Yarın yeni oynamadan önce hızlıca yazam aklımda kalanları. Bu işi hep sıcağı sıcağına yapmak lazım aslında amma olmuyor bir türlü.
Bir grup muhafız, bir grup milis, 2 rahibe ve 1 ranger abi(Daviren Hosk) ile tarlalardaki zavallı köylüleri kurtarmak üzere Sandpoint'ten ayrıldık. Bıraktığımız yerlerde bir değişiklik yoktu. Bir sürü köylüyü tıkıştırdığımız yerde amcanın ısırıldığı ortaya çıktı ama ona da bir şey olacak gibi durmuyor. Canavar köpek filan gelmişti galiba bir de. Onu da kendileri halletmiş. Muhafızları ve milisleri orada bırakıp, Daviren Hosk ile bir noktaya kadar beraber ilerledik. Ardından da yollarımızı ayırdık. Güya akşama doğru herkesi topladığımız çiftlikte buluşacaktık ama sanırım saati de geçirdik. Ayrıca bulunduğumuz yerden sağ çıkıp çıkamayacağımız da belli değil.
Bulunduğumuz yer: Foxglove malikanesi...
Şimdi geriye dönüp baktığımız zaman, oraya gidip de gözünü oyan adam, kendini suya atan ve kargaların yediği adam filan hepsi yerli yerine oturuyor.

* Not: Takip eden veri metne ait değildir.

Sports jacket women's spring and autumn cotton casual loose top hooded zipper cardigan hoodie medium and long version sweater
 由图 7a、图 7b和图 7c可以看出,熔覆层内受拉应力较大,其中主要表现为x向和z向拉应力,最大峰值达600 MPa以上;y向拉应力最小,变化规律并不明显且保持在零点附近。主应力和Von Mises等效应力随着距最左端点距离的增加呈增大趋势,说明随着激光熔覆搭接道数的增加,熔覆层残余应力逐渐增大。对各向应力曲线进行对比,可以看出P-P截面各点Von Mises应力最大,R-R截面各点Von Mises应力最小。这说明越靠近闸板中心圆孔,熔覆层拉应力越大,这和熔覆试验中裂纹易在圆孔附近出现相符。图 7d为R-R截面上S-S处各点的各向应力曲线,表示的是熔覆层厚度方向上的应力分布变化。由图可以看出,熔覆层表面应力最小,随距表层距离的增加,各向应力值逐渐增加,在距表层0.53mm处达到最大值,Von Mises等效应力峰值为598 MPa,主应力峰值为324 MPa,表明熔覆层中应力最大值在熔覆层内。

Sağda solda toplaşan kuzgunların, kargaların eşliğinde Foxglove malikanesine vardık. Gerginlik, horrrrorrr dolu bir oyun yaşadık. Herkesin başına sanki sulu kuru karıştırmış, üstüne bilmediği başka maddeler almış gibi olaylar geldi. Kendi kendine dans edeni mi istersin, boğazını keseni mi, kendi boğmaya çalışanı mı, manyaklığa doyduk. En büyük hasarı Scar aldı sanırım. Delice ettiği dansın sonunda dizleri boşaldı, eli ayağı tutmaz oldu. Sefil oldu. Pangar da bir anlık boşluğunda az kalsın uçurumlardan düşüyordu. Gerilimli bir şekilde oda oda koskoca malikaneyi gezdik. Adım adım. Dinleye dinleye. Tuzak baka baka. Götümüz ata ata.

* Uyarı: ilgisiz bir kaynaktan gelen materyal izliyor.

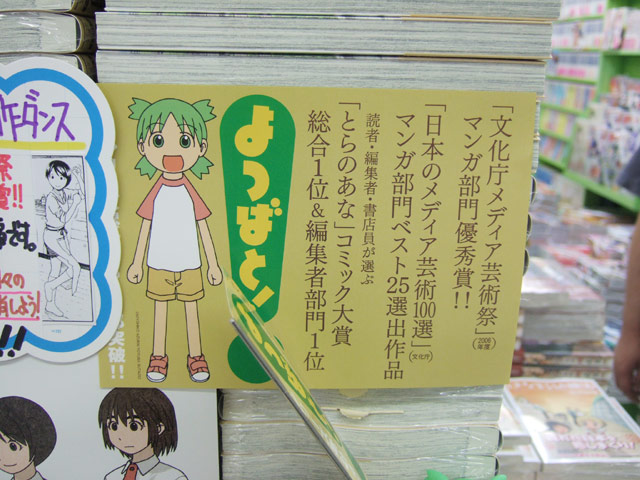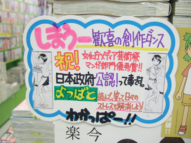 メロンブックスでは、よつばと!が2006年度「文化庁メディア芸術祭」マンガ部門優秀賞等を受賞したことからか、POPに「日本政府公認!」等とかかれていました。
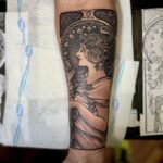 Tetování portrét ženy, ornamenty, tvary na předloktí
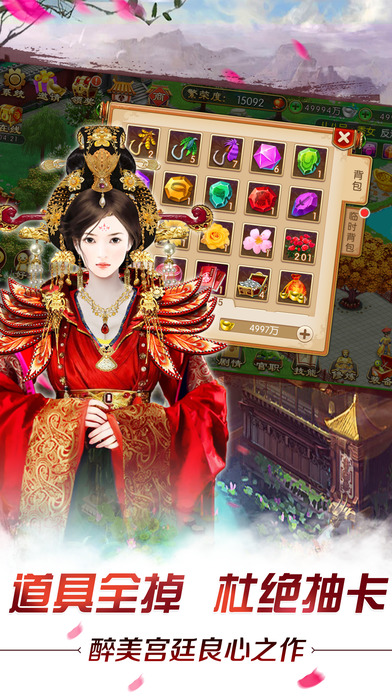 【游戏简介】 千载宫闱深,独泣羽巾陶。一入宫门深似海!游戏果动首款宫廷手游《我的宫廷》诚邀各位小主开启您的宫廷之旅! 《我的宫廷》是首款DIY自主建城玩法宫廷类手游,游戏以自由建城玩法为特色,依托古色古香的唯美宫廷世界为背景。炫美的时装,精彩游戏剧情,惊心动魄的后宫争斗,将给玩家带来超爽别样的宫廷生活体验。 【游戏特色】 ※※商城道具 全部掉落——最美宫廷良心之作※※ 商城出售的所有道具,均可通过日常任务、玩法或副本等途径获得,能够满足更多的玩家对游戏道具的需求。 ※※自由建宫 全新体验——专属后宫自由建造※※ 游戏内的各类建筑、装饰物的位置可不同方位的摆放,树木的砍伐,杂草的清除,石碓的引爆等,通过自由建城玩法,任意打造属于自己的个性宫廷。 ※※醉美妆容 艳冠群芳——绝美时装任意搭配※※ 特色DIY装扮,华美的后宫,绝色的佳人亲手装扮。游戏内各种古风唯美的服饰可供选择。 ※※情牵派系 梦筑宫廷——派系牵情宫廷筑梦※※ 依托强大的派系,可额外获得个人BUFF属性加成,派系特有的副本和志同道合的战友及专属频道,让您的宫廷生涯不再显得枯燥、沉闷。 ※※虐心宫斗 步步惊心——后宫争斗虐心体验※※ 请安,掌嘴,皮鞭,扎针......这些古代礼仪,刑法,玩家在这里都可以尽情“享受”到,宫斗特效更是炫美逼真,让您体验别样的宫斗虐心体验。 【玩法简介】 ※推到皇上:参与全服挑战皇上,将之推倒可获得丰厚银两和物品奖励。 ※强盗刺客:分为物理和法术攻击,搭配合理的随从击杀后可得到丰富经验和银两。 ※官品:由三大体系:魅力值,繁荣度,武举实力来决定官职大小,不一样的官品结算方法。 ※探宝:别样的九宫格玩法,同时可获得丰富的道具奖励。 ※进贡:收集不同的贡品,获得超稀有道具。感受古代宫廷进贡特色 ※礼单:完成不同礼单任务需求,奖励也不相同,全部完成可额外获得稀有道具奖励。 ※建筑:精美的装饰,逼真的宫廷建筑,别样的种植采集,随心所欲的构造专属宫廷。 ※排行:竞争激烈的各种数值排行榜,展示您傲视宫廷的王者风范。 【玩家好评】 ※别出心裁的宫廷题材手游,操作简单,值得一玩。 ※宫廷题材中个人感觉目前是最佳选择,尤其是自主建城,在宫廷类游戏里很新颖,游戏里的坑也很浅,我会一直坚持下去,顺便找志同道合之人一起玩耍!
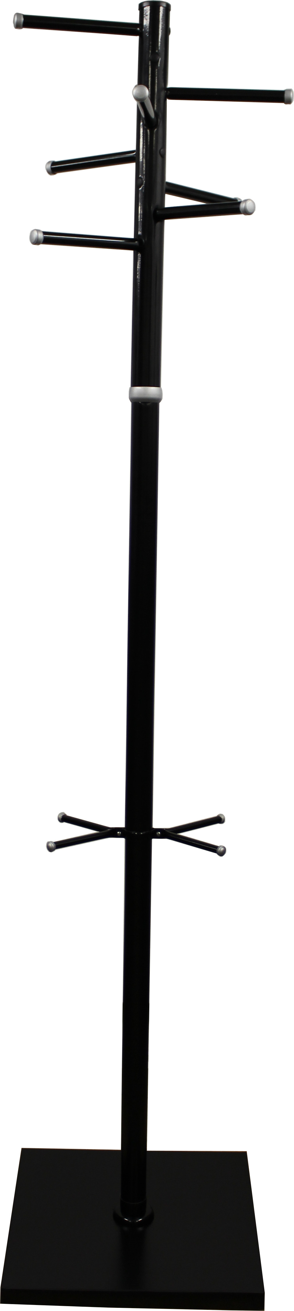 Вешалка напольная Мажор 4-З выполнена из оцинкованной стали с полимерным покрытием, утяжеленной квадратное основание.

Koca malikaneyi gezerken ne öğrendik, ne anladık? Foxglove ailesinin mayasının manyaklık ve ruh hastalığı ile karıldığını, başlarına binbir çeşit felaket geldiğini... Portrelerin olduğu odada çoğunun akıbetini gördük. Aldern'in gördüğümüz portresi çürüyüp kararıyor, dili uzuyor ve canavara dönüşüyordu. Teker teker hepsinin notları var. Ayrıntılı yazmak lazım onları. Aralarında hiç bozulmayan portreler de vardı çünkü. Mesela onlar hayatta mı? Neler oldu, nerelerdeler belki işimize yarar. Ayrıca birçok not bulduk. Aldern'in üye olduğu ya da yamanmaya çalıştığı bir kardeşlik var. O notlarda öldürülecek insanların isimleri var. Sürpriz olarak Bizim Evander de listede. Ayrıca Scar'ın babası (bu sürpriz değil, onda her günahtan bolca olduğu için zaten 1. torbadaydı bizim tahmini listede de).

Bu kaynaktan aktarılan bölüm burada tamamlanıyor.